You should also take into account that queries rely on table data. If there are already unwanted duplicates, you should apply your leverage there and correct them.
Thanks,
Maybe it's easy for you. The duplicates are unwanted but understandable as to why they are there. I just want to exclude them at this stage. I imagine there is an SQL statement which has the qryMain records and NOT IN qryDupes like a join that excludes the duplicates. I don't know what you mean by "apply your leverage there". I'm not sufficiently versed in SQL at the moment.
 
The duplicates are unwanted
With a unique index on the field or field combination that contains the duplicates, you can safely prevent unwanted duplicates in the table.
 
I imagine there is an SQL statement
A concrete proposal can only be created based on a specific specification. The SQL statement is a fairly comprehensive definition.
 
You can make your query a totals query, which will automatically show only 1 of each different grouped selection.

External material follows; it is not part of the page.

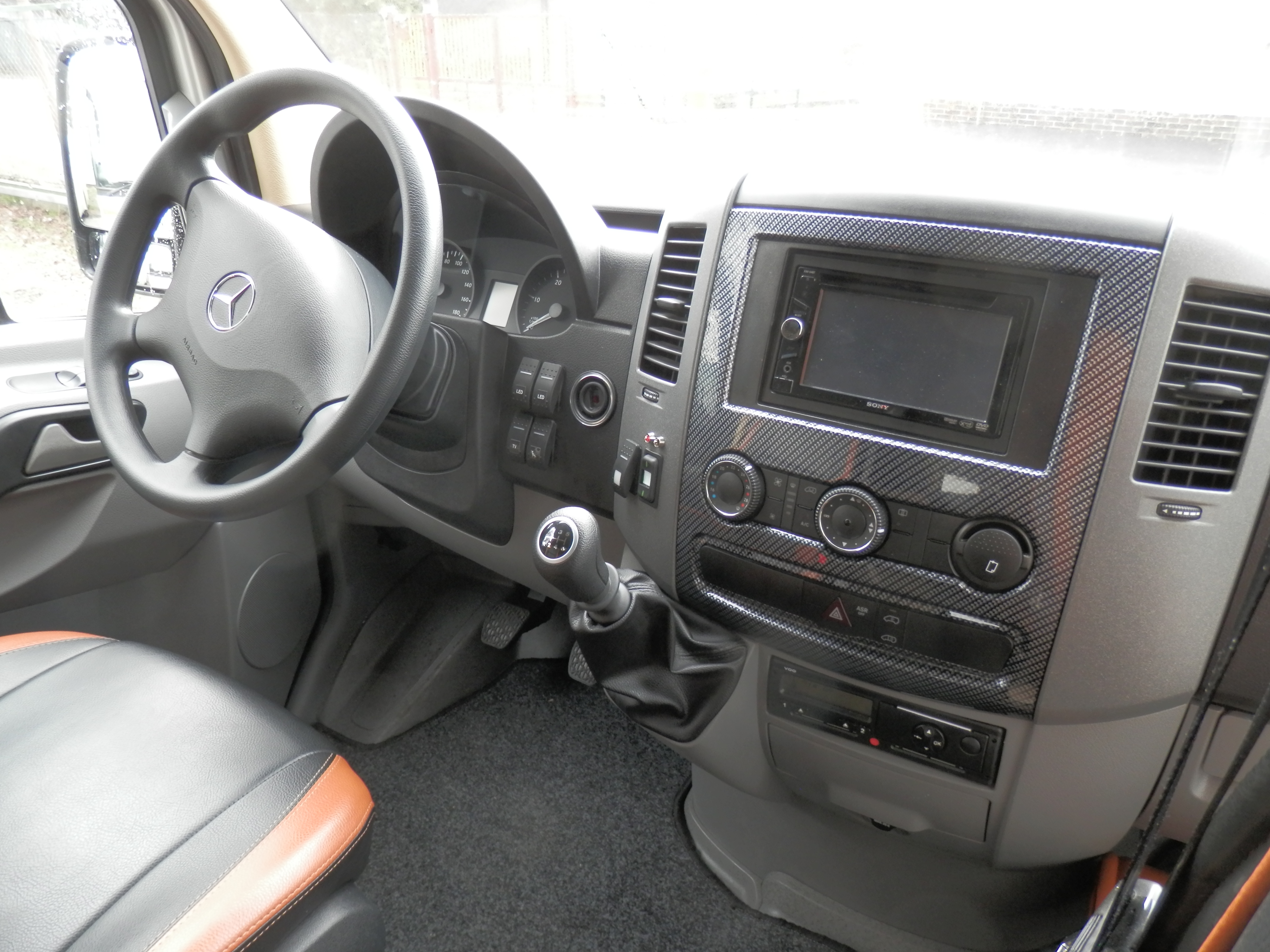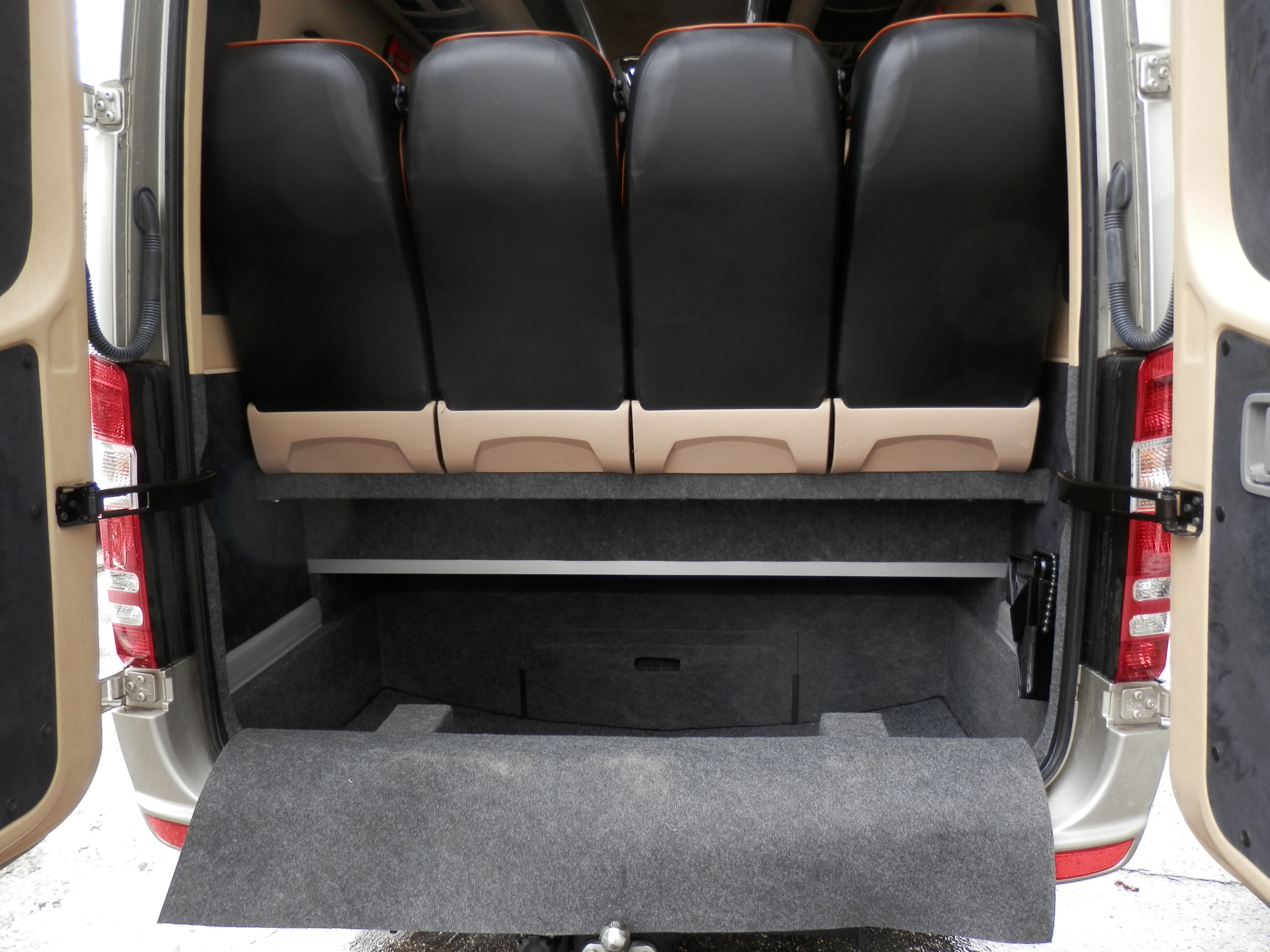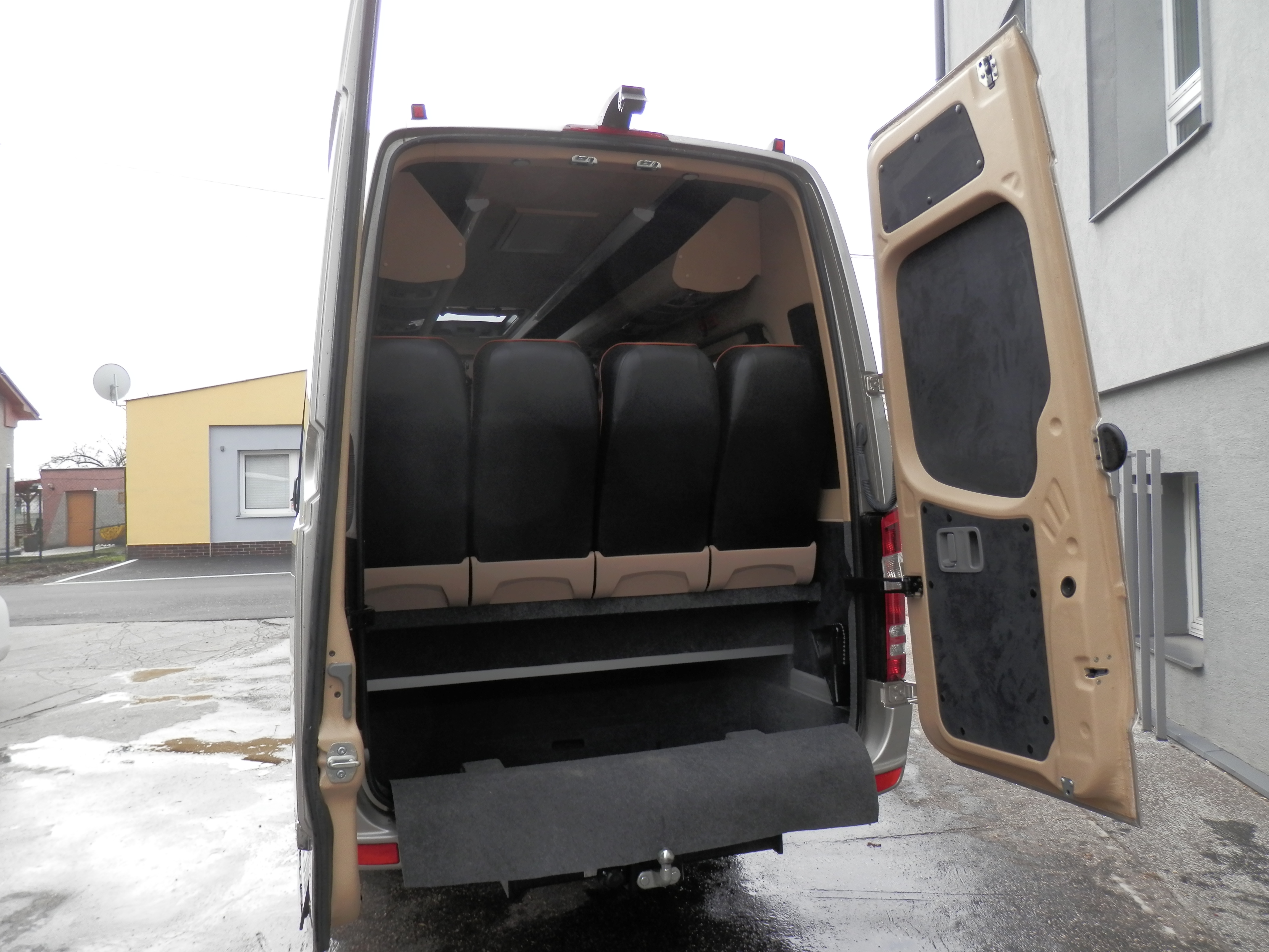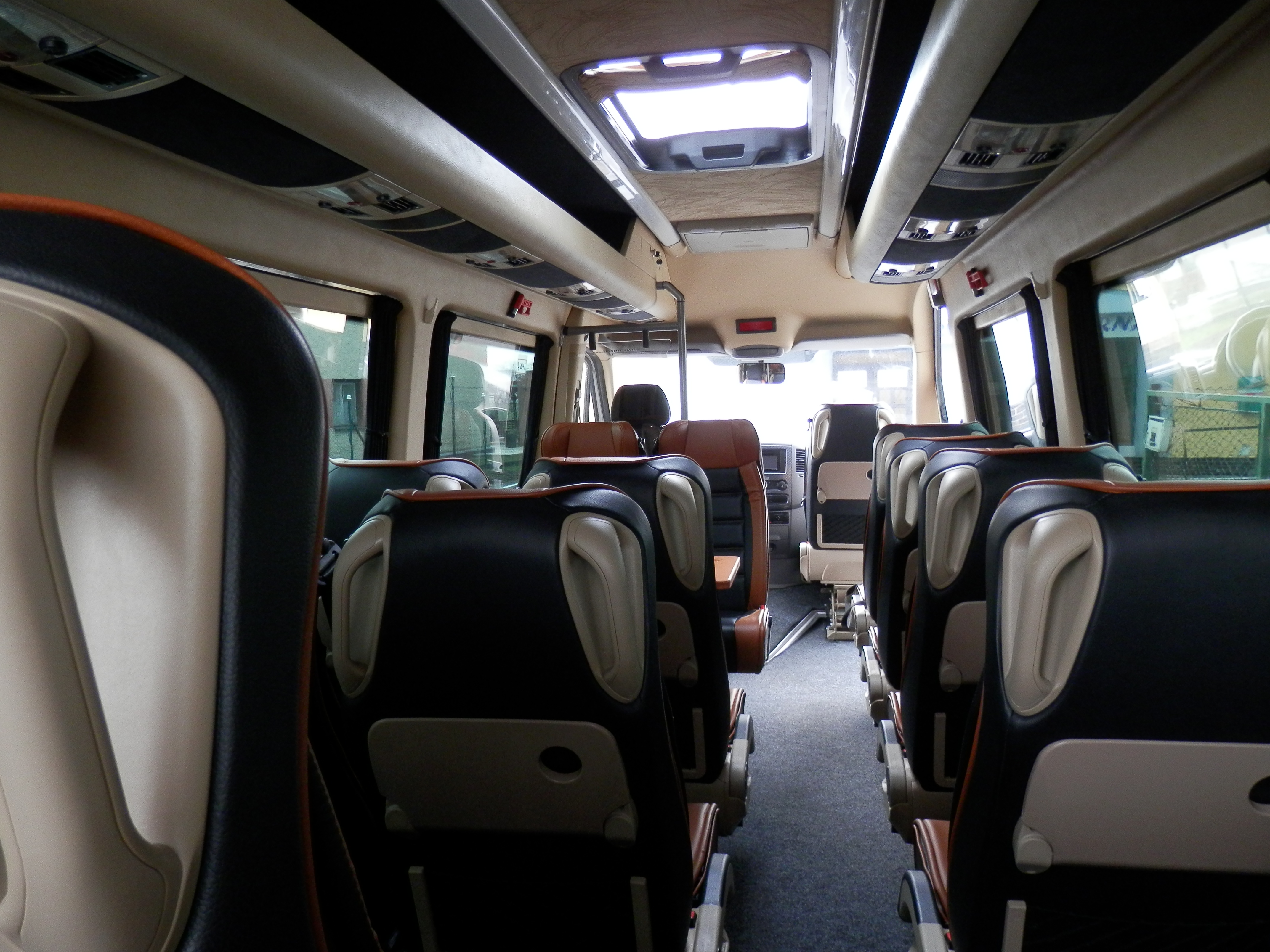 Vybavení našich vozů splňuje všechny požadavky pro pohodlné a bezpečné cestování. Sedadla jsou vypolstrovaná, čalouněná, anatomicky tvarovaná s polohovacím systémem a bezpečnostními pásy. Sedadla jsou také výsuvná do boku. Každé sedadlo má individuální osvětlení. Samozřejmostí je klimatizace, lednice, DVD přehravač, mikrofon a GPS.
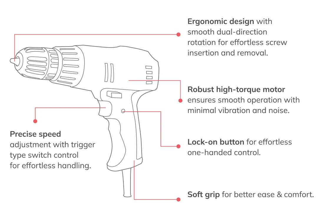 The CSD 010 electric screwdriver delivers 280W of power, 12.5Nm torque, and 0-800 RPM for smooth, effortless screwdriving. Featuring variable speed control, an ergonomic soft grip, dual-direction rotation, and a lock-on button, it ensures minimal vibration and noise.

Such a query becomes non updatable though, which is awkward sometimes.
 
A concrete proposal can only be created based on a specific specification. The SQL statement is a fairly comprehensive definition.
I looked at the table in the first instance and saw a couple of dupes. I then ran the Find Dupes Wizard that gave a list of 12 records that are dupes.
Rather than delete them, I thought I could run a join that would not include the dupes. But that requires SQL which I'm very rusty at. I thought someone might give me an outline of what the SQL would look like?
 
You can make your query a totals query, which will automatically show only 1 of each different grouped selection.

Such a query becomes non updatable though, which is awkward sometimes.
Thanks,
Can I make a query into a totals query? That sounds like a good idea. I just want to exclude the dupes so I can analyse the non-dupe records.
I'll try that out and get back to you. Thank you.

I just did that but it didn't exclude the dupes. The SQL is attached.
 

Attachments

Last edited:
You can make your query a totals query, which will automatically show only 1 of each different grouped selection.

Such a query becomes non updatable though, which is awkward sometimes.

I've realised why there may be some confusion.. I'll need to explain further.
These queries concern analysing Horse-Racing information. The query I ran concerned getting a set of results where some horses have a characteristic called X. There is usually only one horse per race has that trait called X. When I did a group by query I found there were instances in the dataset where there were 2 horses with X. So I did a Find Duplicates query for the whole dataset there were 6 instances where there were 2 horses with X. So to analyse the race results where there is only one horse with trait X I wanted to exclude the instances from the Find Dupes query that returned 12 horses that were duplicates of trait X. Does that make any sense?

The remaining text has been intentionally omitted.